● Work to be completed: Copy word for word the lines in the records below, starting at the line with "盆休みに、ドンキホーテーで父" and ending at the line with "Spiders That Sing". Skip the pictures.

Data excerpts
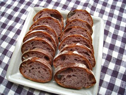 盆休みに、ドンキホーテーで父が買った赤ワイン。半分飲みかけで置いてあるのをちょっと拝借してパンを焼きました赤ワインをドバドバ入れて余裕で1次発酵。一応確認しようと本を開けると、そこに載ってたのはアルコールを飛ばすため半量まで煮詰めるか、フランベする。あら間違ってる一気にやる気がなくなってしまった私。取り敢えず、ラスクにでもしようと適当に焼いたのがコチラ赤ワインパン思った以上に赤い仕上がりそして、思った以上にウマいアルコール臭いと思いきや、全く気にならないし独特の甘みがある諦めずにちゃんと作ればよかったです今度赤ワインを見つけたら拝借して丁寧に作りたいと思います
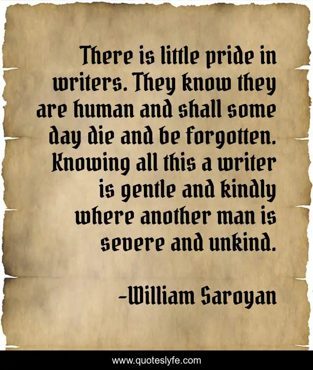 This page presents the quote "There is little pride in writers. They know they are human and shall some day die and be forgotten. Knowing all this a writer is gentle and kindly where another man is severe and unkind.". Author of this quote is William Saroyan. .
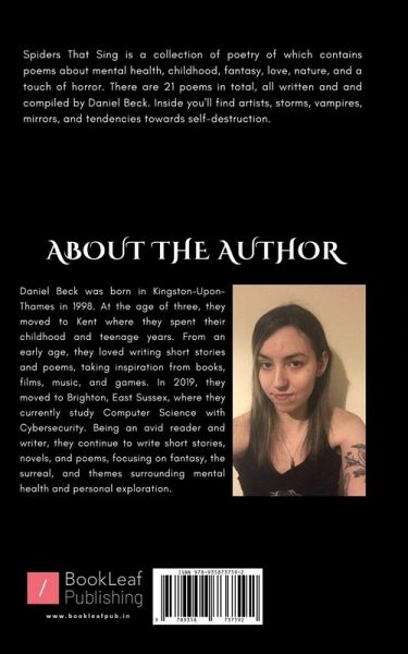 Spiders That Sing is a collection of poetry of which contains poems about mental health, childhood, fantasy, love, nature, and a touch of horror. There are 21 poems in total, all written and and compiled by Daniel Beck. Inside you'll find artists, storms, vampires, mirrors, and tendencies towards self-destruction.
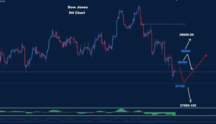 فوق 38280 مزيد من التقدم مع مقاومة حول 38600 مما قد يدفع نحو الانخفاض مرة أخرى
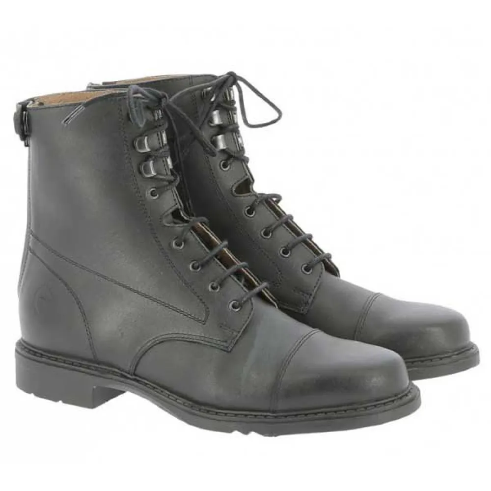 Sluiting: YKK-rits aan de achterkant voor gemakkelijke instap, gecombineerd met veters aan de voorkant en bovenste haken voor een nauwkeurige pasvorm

---

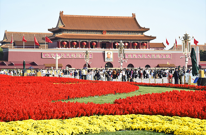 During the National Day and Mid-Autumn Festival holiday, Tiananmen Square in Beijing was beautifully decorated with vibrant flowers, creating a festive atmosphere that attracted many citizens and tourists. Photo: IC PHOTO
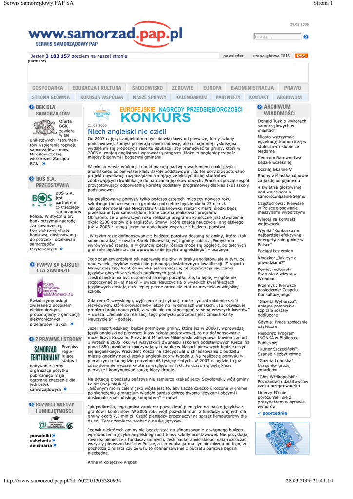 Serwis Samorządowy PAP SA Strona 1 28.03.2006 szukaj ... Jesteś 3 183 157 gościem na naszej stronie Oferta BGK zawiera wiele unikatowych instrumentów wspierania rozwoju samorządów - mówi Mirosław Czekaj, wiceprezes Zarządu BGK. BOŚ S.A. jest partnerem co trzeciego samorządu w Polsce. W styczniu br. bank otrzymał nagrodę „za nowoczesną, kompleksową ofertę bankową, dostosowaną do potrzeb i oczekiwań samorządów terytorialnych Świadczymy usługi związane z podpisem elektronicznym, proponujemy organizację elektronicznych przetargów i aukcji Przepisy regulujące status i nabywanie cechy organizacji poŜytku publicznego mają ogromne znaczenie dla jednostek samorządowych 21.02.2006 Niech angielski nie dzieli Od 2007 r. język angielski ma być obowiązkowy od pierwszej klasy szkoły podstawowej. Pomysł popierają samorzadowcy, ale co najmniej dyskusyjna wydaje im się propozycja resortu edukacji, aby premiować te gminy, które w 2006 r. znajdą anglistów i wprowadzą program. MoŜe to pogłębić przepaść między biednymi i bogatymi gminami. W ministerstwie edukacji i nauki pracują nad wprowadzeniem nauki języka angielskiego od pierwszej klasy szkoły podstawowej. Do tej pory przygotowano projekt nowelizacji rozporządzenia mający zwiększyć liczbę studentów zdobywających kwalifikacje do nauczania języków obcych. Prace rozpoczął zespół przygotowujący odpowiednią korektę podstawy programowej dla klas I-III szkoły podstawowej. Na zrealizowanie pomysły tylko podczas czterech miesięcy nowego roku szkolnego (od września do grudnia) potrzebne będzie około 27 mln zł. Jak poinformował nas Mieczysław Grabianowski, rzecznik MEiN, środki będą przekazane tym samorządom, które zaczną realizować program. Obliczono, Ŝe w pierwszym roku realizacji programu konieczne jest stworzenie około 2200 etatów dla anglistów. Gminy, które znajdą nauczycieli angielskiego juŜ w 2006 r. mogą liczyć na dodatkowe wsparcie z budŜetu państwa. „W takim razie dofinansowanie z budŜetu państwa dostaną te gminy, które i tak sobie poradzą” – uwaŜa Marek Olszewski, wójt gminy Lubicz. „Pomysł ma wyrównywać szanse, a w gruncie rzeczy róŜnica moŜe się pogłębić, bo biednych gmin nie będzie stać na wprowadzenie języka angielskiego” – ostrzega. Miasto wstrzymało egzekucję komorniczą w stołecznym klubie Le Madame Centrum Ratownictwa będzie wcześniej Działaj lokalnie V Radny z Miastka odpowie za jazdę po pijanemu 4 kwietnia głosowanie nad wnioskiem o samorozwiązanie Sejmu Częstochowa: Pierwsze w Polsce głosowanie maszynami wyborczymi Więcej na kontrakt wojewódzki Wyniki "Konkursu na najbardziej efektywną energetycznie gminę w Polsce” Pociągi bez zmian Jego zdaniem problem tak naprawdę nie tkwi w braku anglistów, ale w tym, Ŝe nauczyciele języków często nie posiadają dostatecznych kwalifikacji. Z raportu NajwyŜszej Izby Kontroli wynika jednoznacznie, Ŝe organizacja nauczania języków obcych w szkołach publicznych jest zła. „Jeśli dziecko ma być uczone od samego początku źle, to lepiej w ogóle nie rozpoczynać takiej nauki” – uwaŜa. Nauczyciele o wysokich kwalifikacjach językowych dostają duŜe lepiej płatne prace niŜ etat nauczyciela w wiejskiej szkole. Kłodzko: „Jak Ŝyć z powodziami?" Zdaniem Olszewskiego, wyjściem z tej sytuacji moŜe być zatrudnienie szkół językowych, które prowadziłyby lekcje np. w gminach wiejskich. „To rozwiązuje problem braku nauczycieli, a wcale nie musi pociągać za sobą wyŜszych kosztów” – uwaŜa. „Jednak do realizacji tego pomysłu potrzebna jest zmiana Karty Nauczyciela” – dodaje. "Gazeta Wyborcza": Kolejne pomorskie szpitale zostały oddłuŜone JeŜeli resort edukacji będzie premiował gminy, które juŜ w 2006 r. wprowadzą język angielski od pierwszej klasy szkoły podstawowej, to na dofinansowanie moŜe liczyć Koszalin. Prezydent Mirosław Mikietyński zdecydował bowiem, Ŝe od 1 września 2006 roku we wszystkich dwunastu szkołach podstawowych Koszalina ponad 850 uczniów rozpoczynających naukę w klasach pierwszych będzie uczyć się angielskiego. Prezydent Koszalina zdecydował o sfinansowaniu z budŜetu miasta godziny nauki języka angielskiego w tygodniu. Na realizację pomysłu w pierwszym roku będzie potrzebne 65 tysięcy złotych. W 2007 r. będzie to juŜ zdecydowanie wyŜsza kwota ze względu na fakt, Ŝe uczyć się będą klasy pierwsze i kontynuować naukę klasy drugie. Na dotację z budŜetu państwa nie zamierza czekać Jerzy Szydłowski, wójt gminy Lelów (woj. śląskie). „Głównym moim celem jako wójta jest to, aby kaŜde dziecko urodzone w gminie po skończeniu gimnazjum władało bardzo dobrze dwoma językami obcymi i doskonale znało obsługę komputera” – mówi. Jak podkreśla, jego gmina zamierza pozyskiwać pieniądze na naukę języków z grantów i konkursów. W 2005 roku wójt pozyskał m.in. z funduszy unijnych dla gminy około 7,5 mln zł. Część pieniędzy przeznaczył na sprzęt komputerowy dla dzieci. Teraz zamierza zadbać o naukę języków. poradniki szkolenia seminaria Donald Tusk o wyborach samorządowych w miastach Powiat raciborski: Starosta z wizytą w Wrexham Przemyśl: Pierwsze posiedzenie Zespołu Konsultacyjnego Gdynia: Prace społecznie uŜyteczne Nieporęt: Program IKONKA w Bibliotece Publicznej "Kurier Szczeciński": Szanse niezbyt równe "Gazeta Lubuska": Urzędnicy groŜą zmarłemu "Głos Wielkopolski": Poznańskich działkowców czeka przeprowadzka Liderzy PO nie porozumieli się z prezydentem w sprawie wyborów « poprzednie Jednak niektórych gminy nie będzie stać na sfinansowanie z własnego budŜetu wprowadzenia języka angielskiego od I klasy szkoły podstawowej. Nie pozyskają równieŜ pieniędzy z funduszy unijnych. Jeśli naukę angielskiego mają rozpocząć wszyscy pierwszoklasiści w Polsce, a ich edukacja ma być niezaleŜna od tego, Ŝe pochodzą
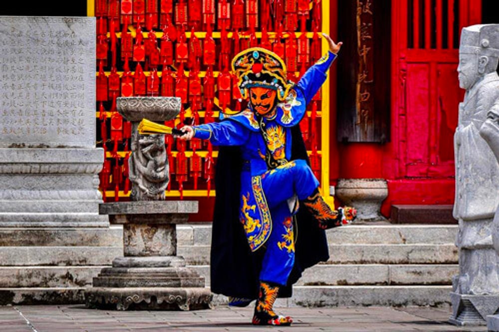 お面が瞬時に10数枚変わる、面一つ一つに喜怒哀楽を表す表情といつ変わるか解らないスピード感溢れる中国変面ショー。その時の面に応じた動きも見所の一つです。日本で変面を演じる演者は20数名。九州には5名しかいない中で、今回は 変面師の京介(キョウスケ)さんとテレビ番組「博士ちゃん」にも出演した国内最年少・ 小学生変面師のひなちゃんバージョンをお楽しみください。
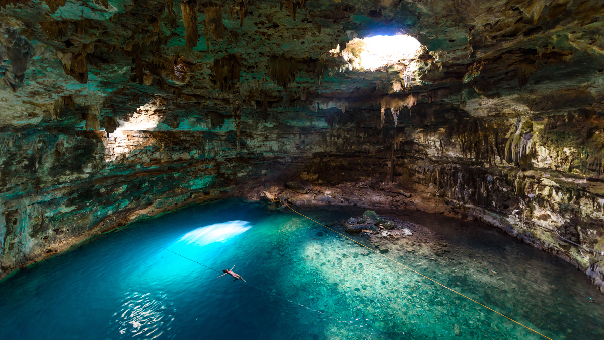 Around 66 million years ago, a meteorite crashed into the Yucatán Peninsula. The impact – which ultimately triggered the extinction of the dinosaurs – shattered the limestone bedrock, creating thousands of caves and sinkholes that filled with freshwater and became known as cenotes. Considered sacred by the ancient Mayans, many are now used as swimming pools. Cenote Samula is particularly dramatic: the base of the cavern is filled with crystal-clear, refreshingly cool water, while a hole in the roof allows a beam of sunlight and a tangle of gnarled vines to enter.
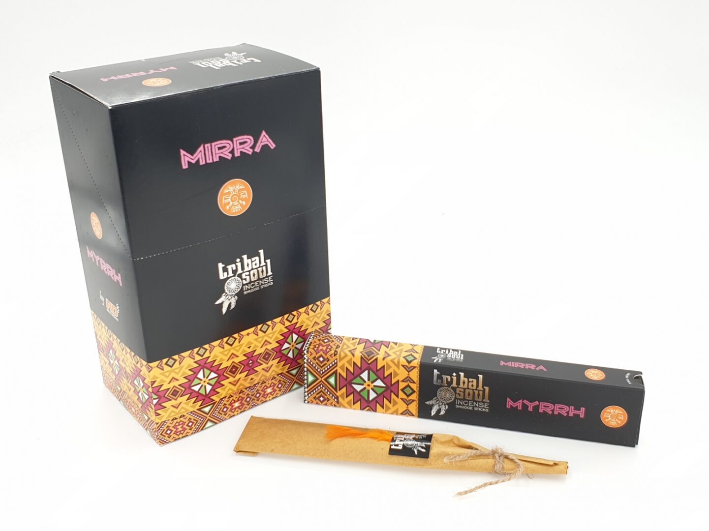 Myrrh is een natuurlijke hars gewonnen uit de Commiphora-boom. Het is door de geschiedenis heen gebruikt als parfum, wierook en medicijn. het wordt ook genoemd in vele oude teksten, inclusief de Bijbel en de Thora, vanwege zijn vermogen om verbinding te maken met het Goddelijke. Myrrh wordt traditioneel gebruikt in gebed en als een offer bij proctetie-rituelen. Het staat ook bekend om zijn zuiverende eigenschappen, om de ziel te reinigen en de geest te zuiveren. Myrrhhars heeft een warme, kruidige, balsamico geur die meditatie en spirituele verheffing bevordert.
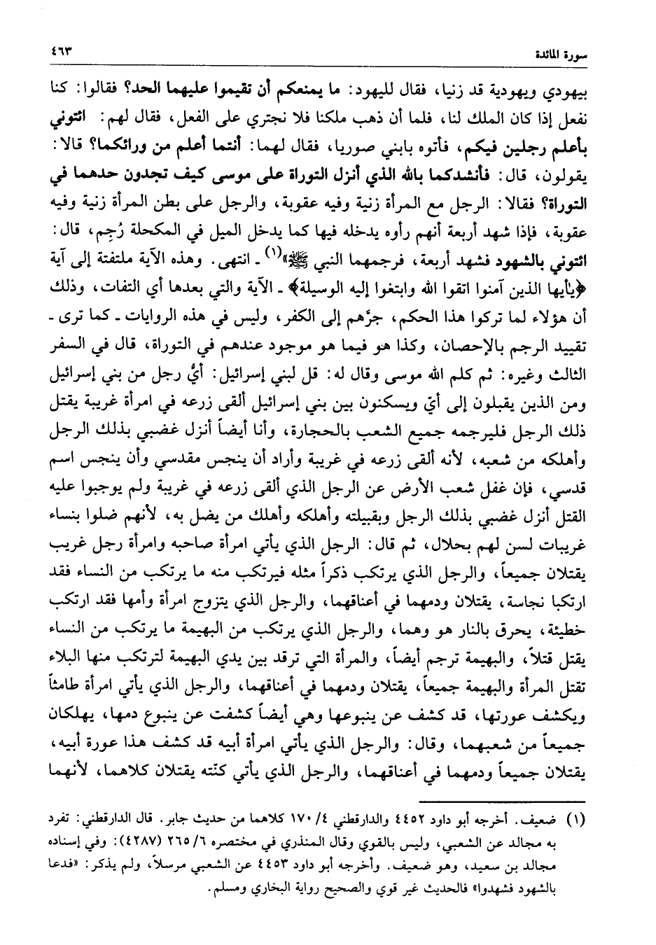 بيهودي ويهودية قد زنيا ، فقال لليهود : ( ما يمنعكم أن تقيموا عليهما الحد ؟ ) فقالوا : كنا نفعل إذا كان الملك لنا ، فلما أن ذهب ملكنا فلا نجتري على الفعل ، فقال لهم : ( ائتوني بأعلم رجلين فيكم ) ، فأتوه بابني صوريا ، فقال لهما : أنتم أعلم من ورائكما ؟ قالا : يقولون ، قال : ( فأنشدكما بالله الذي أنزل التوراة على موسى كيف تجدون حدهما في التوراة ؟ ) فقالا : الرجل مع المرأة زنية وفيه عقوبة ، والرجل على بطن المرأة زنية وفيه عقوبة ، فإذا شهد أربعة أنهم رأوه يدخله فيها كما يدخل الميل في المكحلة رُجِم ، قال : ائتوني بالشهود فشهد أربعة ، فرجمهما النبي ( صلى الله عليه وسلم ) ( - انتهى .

● Written solution:
 盆休みに、ドンキホーテーで父が買った赤ワイン。半分飲みかけで置いてあるのをちょっと拝借してパンを焼きました赤ワインをドバドバ入れて余裕で1次発酵。一応確認しようと本を開けると、そこに載ってたのはアルコールを飛ばすため半量まで煮詰めるか、フランベする。あら間違ってる一気にやる気がなくなってしまった私。取り敢えず、ラスクにでもしようと適当に焼いたのがコチラ赤ワインパン思った以上に赤い仕上がりそして、思った以上にウマいアルコール臭いと思いきや、全く気にならないし独特の甘みがある諦めずにちゃんと作ればよかったです今度赤ワインを見つけたら拝借して丁寧に作りたいと思います
 This page presents the quote "There is little pride in writers. They know they are human and shall some day die and be forgotten. Knowing all this a writer is gentle and kindly where another man is severe and unkind.". Author of this quote is William Saroyan. .
 Spiders That Sing is a collection of poetry of which contains poems about mental health, childhood, fantasy, love, nature, and a touch of horror. There are 21 poems in total, all written and and compiled by Daniel Beck. Inside you'll find artists, storms, vampires, mirrors, and tendencies towards self-destruction.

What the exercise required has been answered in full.